**Activity**
Could you give the listing again exactly, without its pictures?

+++ Dataset excerpt

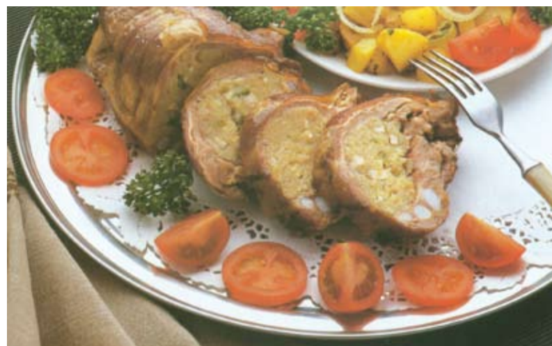
Nadziewany mostek cielęcy
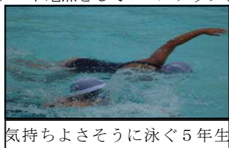
気持ちよさそうに泳ぐ5年生
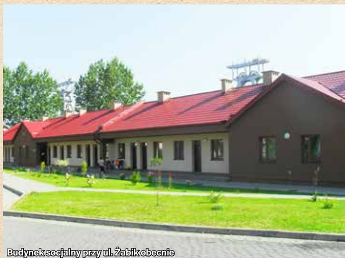
Budynek socjalny przy ul. Żabik obecnie

++++++

**Task result**
Nadziewany mostek cielęcy
気持ちよさそうに泳ぐ5年生
Budynek socjalny przy ul. Żabik obecnie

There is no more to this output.